IRS data show that the state has seen a net loss of $6.3 billion in taxable income between 2011 and 2015. Of that amount, $4.3 billion was from households earning more than $200,000.  And according to the Yankee Institute, census estimates since 2013 show that Connecticut has shrunk by 19,551 people (3,596,003 in 2013 to 3,576,452).

This is a worrisome pattern. Each time one of our largest taxpayers picks up and leaves, Ben Barnes, the state's budget director, has to take out his eraser and re-do the budget. For the most part, our wealthiest residents don't own ranches, or factories, or oil wells in Connecticut. They own laptops. And so do their employees. The fact is that we have a highly mobile financial sector and when people start to sense confiscatory tax policy coming, they can pick up and leave with relative ease.

At the recent Connecticut Business and Industry Association annual meeting, Gov. Malloy pointed out that just 1 percent of our state's residents pay 35 percent of our state income tax, a fact that begs the question: Just what do the proponents of higher taxes on the wealthy think is a “fair” level of state tax progressivity? 45 percent? 55 percent? 90 percent? Whatever number you pick I can assure you that the wealthiest among us are not waiting around for the answer.

And we have to begin to be honest with ourselves. The story we've been told over the past few years is that businesses like General Electric leave our state because our fiscal situation is just too “un-predictable.” I disagree. It's actually the opposite. GE left in part because our state's fiscal situation is entirely too predictable in that we have shown absolutely no collective will whatsoever to fix our well-known problem: What to do about the $54.9 billion of unfunded liabilities.

If a fiscal crisis hits, it will be our most vulnerable citizens who will be injured the most. Because before it happens, the wealthy will have gone. And it's not just the 1 percent who are leaving. There are also an estimated one out of five state retirees who have also chosen to reside outside of Connecticut.

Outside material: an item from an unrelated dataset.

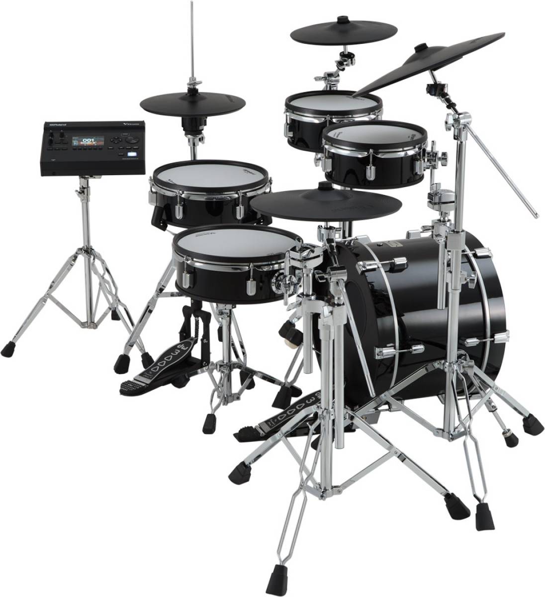 Il contient également de puissants outils dédiés à l'entrainement de tout les jours et aux jams, des composants améliorés et est capable de connexion sans fil pour accéder à nos extensions de sons et autres contenus V-Drums, sans cesse enrichis sur Roland Cloud.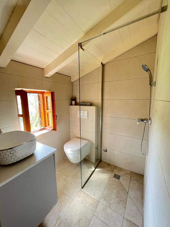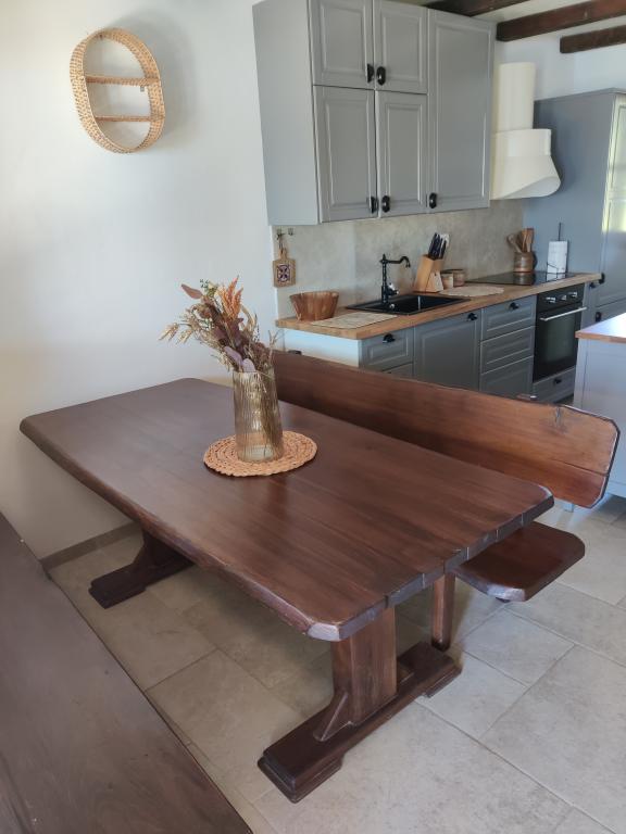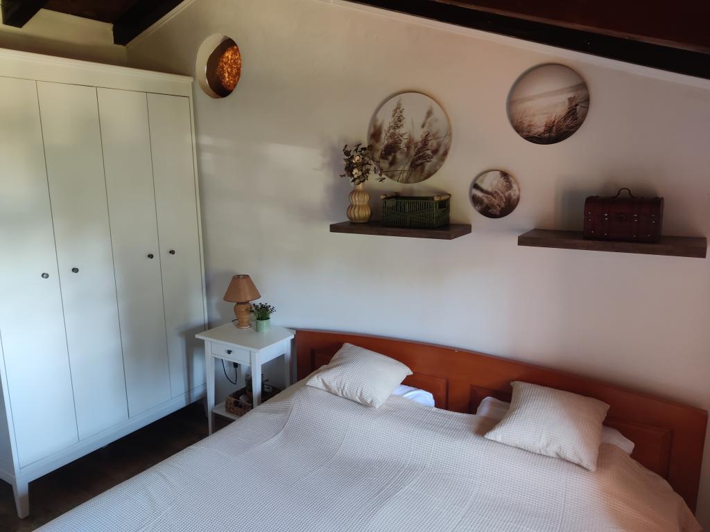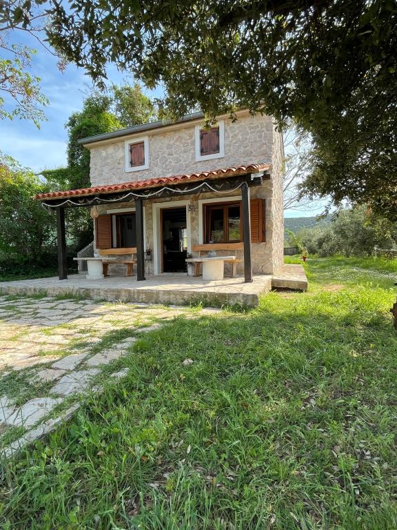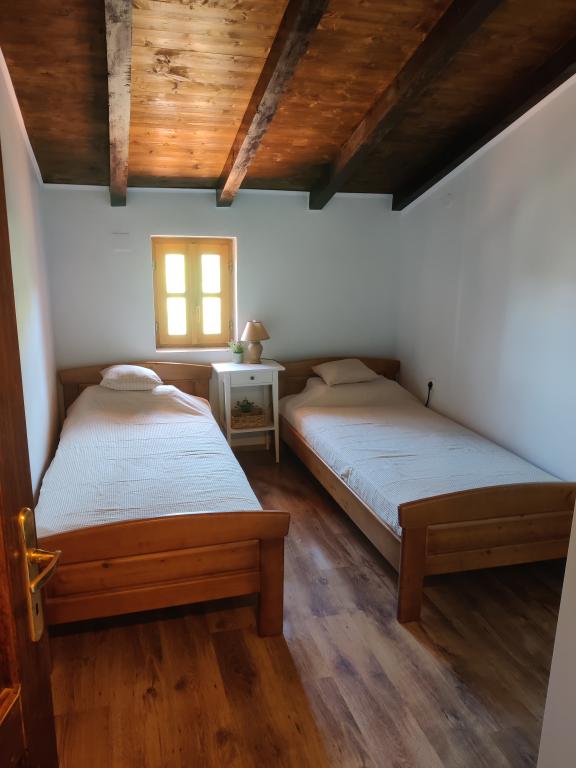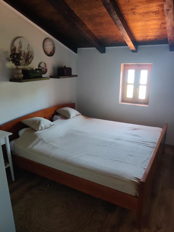 Das Erdgeschoss des Hauses besteht aus einem einzigen Raum mit einer modernen Küche, ausgestattet mit Induktionskochfeld, Backofen, Geschirrspüler und Kühlschrank. Zur weiteren Küchenausstattung gehören ein Wasserkocher und eine Kaffeemaschine. Das Wohnzimmer verfügt über ein Schlafsofa, das sich in ein Gästebett verwandeln lässt, einen kleinen Couchtisch, ein altes Massivholzregal und einen Fernseher mit Satellitenempfang. WLAN ist ebenfalls vorhanden. Direkt neben dem Fenster befinden sich ein Esstisch und Bänke, an denen man essen und den schönen Blick auf Biograd na Moru genießen kann. Im Dachgeschoss befinden sich zwei Schlafzimmer und ein WC. Eines der Schlafzimmer ist mit einem Doppelbett, das andere mit zwei Einzelbetten ausgestattet. Die Klimaanlage im Dachgeschoss sorgt für angenehmen Schlaf. Hinter dem Haus erstrec

The politicians say that some of us in the business community are being too negative and we don't focus on all the positives that the state has to offer. Well, I've lived here all my life. I love this state and yes, I plan to stay and fight rather than move. But for all of the wonderful assets that we enjoy — geography, intellectual capital, a proud tradition of manufacturing, a strong financial-service sector, and accessible and livable small cities — the threat of fiscal insolvency dwarfs all of them. Our fiscal situation threatens to devalue every single asset that I mentioned.

I hesitate to offer a rather bleak prediction but it needs to be said: If we don't collectively get our arms around this soon, we will see a continuing deterioration in our bond rating, slowly at first and then faster. Our interest costs will rise with the economy and the risk premium for Connecticut debt will grow. This will result in a vicious cycle of increased debt service obligations, which will put even more strain on our budget. And as the writing on the wall becomes clearer, this will lead to an accelerated exodus of the affluent, punching a final fatal hole in the state budget.

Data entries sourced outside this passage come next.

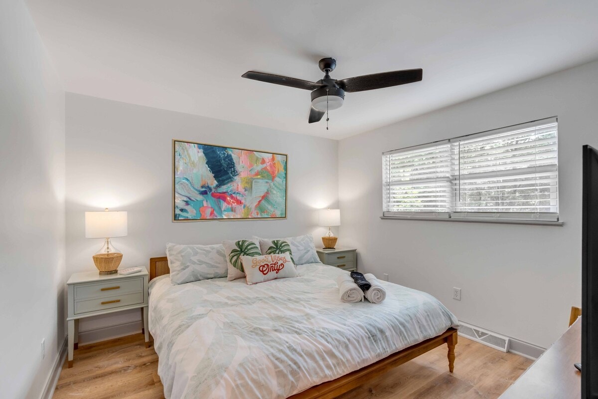 Light and casual feel with a nautical decor. The den and kitchen have vaulted ceilings with exposed beams that give it a rustic charm. The screen porch is a wonderful place to start your morning and to end your busy day. Very quiet, safe residential neighborhood. Plenty of off-street parking. Perfect for couples and families for a relaxing getaway or activity-filled vacation. STR Permit No: ST250302 MP Bus license 20108727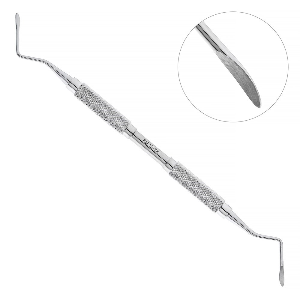 Поскольку методика удалений сепарированных фрагментов корней предусматривает совершение движений малой амплитуды, для повышения мануального контроля рукоятка инструмента выполняется в виде цилиндрического стержня, который фиксируется в руке как «писчее перо». На внешней поверхности ручки инструмента нанесен ретенционный узор, который предотвращает скольжение фаланг пальцев в перчатке.
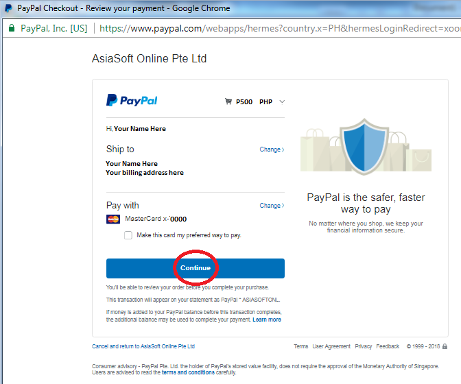 - Paypal confirmation page will be shown. Click “Continue” to proceed with payment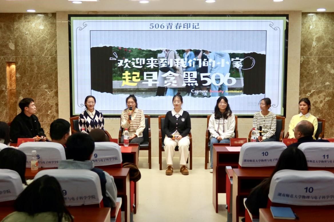 寝室交流环节以小视频形式导入,生动地向在场的同学们展示了2021级南院二栋506寝室6名优秀学子携手共进、共同奋斗的历程及她们所取得的骄人成就。2021级辅导员韩翔宇老师以互动访谈形式与6名学生进行了深入的交流,通过一系列珍贵照片的展示,她们深情地讲述了每一张照片背后的温馨故事。紧张而又充实的复习时光、无微不至的支持与鼓励,一张张照片不仅见证了她们之间深厚的友谊,也深刻揭示了寝室文化在推动学生个人成长方面所起到的积极作用。六位主讲人寄语学弟学妹:学习之路虽难,每一步努力都是成功基石。追梦路上,朋友、室友及同窗皆为坚实后盾,珍惜团队合作,享受奋斗时光,勇敢追梦方能不负青春。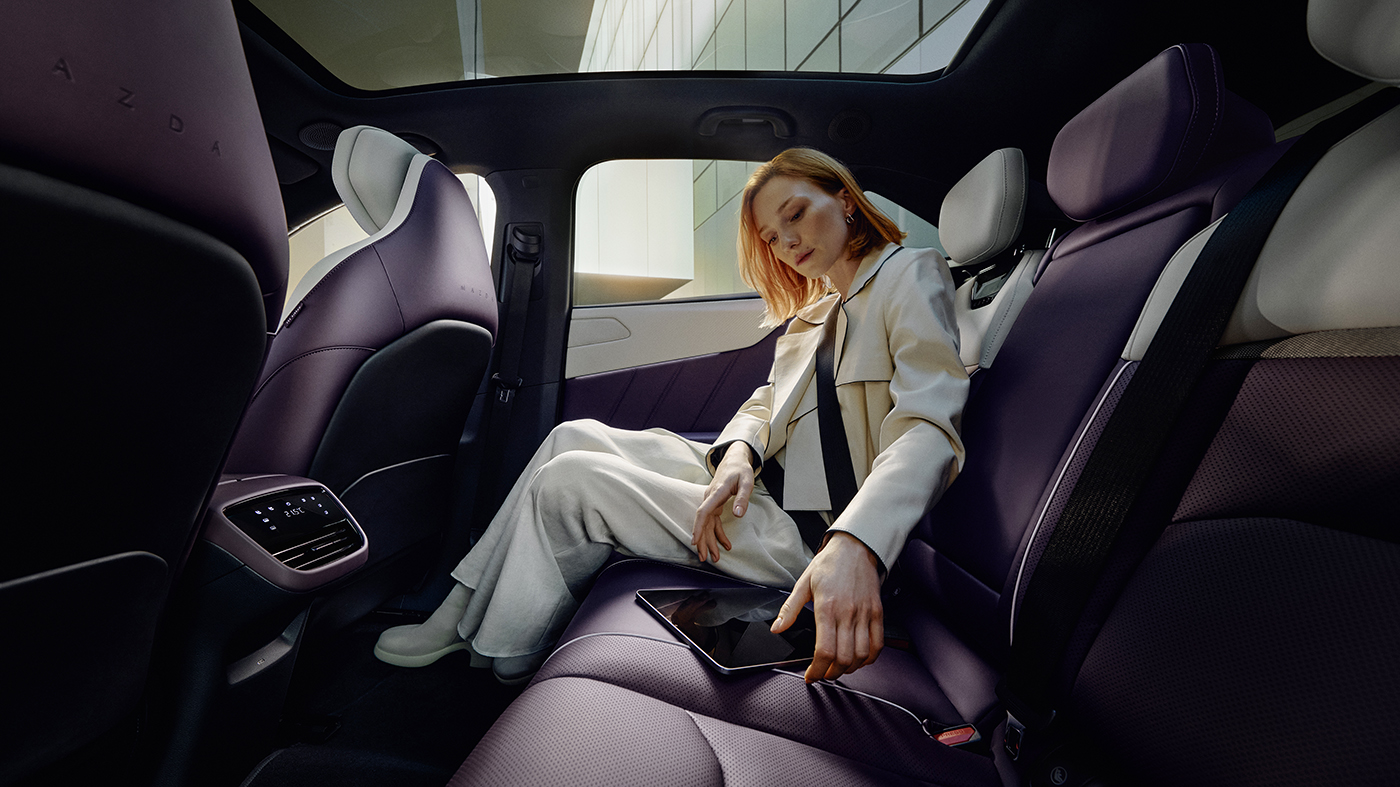 Và để bước chân ra khỏi biên giới Trung Quốc, tạo khác biệt hẳn so với chiếc EZ-60, Mazda mang nội thất xe áp dụng triết lý "Ma" (không gian trống) của Nhật Bản với vật liệu giả da Maztex cao cấp. Điểm nhấn là màn hình giải trí khổng lồ 26 inch tích hợp điều khiển bằng cử chỉ (như dấu "OK" để dẫn đường) và hệ thống âm thanh 23 loa công suất 1.280W.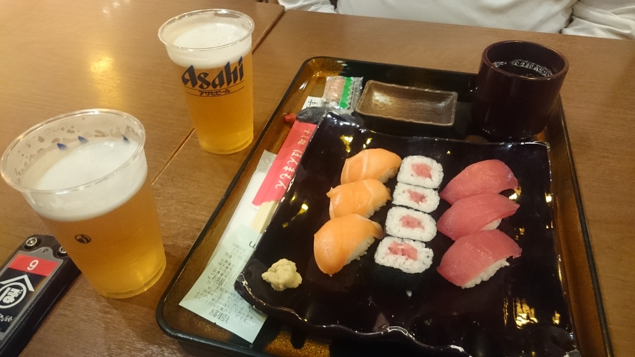 ここのスペースには他のお店もあり、いろんなものが選べるので、彼はお寿司、私はお好み焼きを選びました。
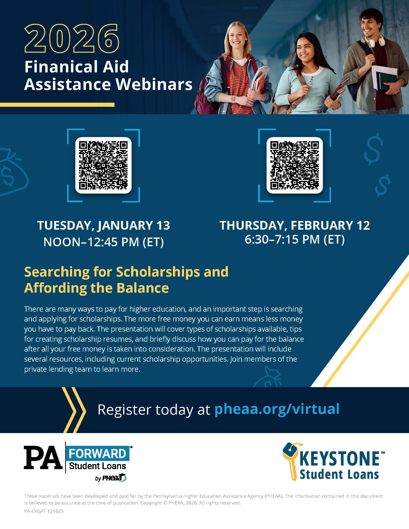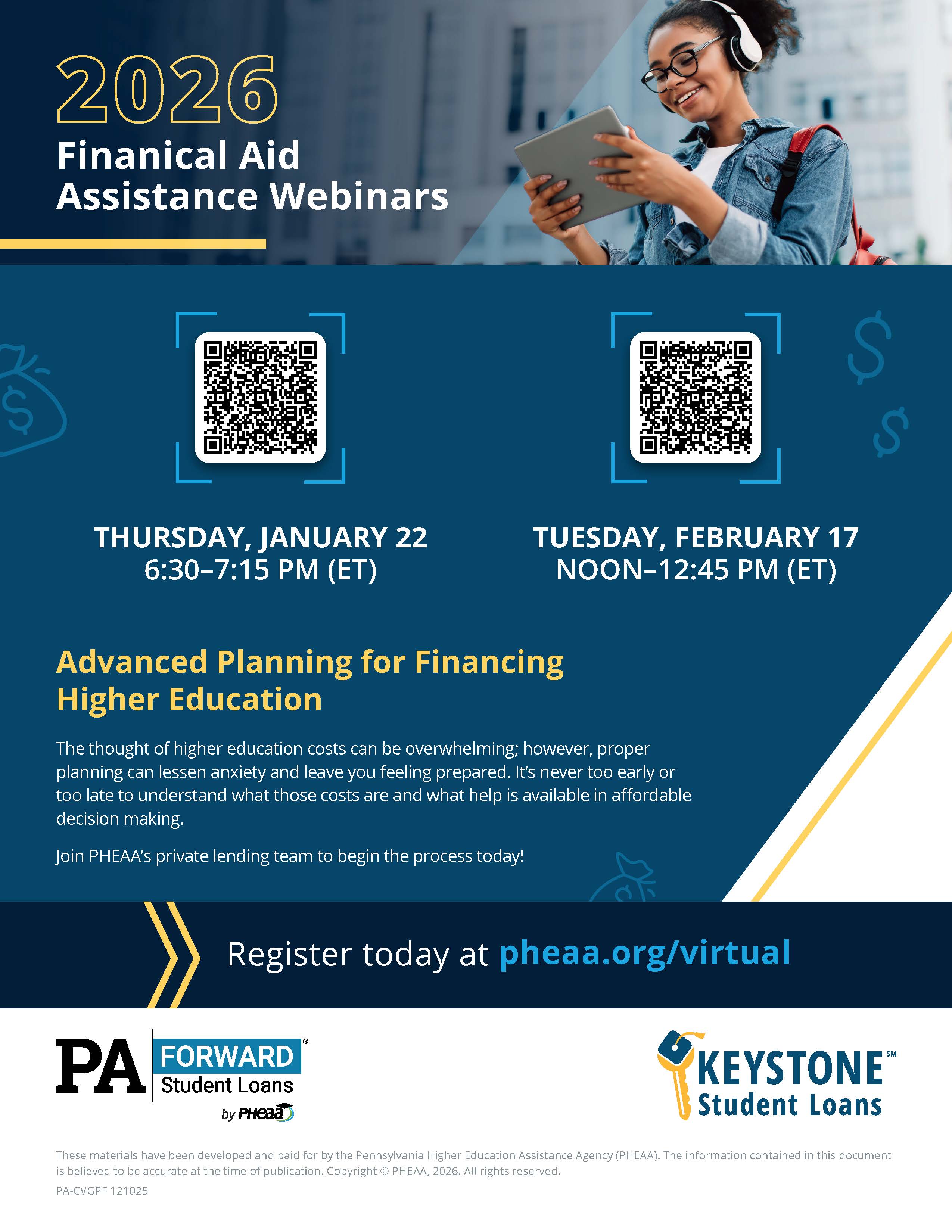 The Pennsylvania Higher Education Assistance Agency is hosting a series of webinars to help you plan for and afford higher education. Starting January 13, the series will cover two topics: Searching for Scholarships and Affording the Balance, and Advanced Planning for Financing Higher Education.

But while the picture is bleak, it's not hopeless. So how can we start to reverse course? 1. Enact a hard spending cap. All state spending needs to be under the cap with the only exception being debt service; 2. Fulfill the promise to switch the state books to Generally Accepted Accounting Principles (GAAP), otherwise we continue to pretend that the situation is not as bad as it is; 3. Switch from defined-benefits to defined-contribution retirement plans for current state workers, like much of the private sector; 4. Index state government healthcare benefits to private-sector levels; 5. And finally, underlying all of these crucial changes is the importance of establishing the right legislative process for enactment. We must require that the legislature vote expressly on all elements of the state employee collective bargaining contracts. 

Jeff Klaus is the regional president in Connecticut at Webster Bank.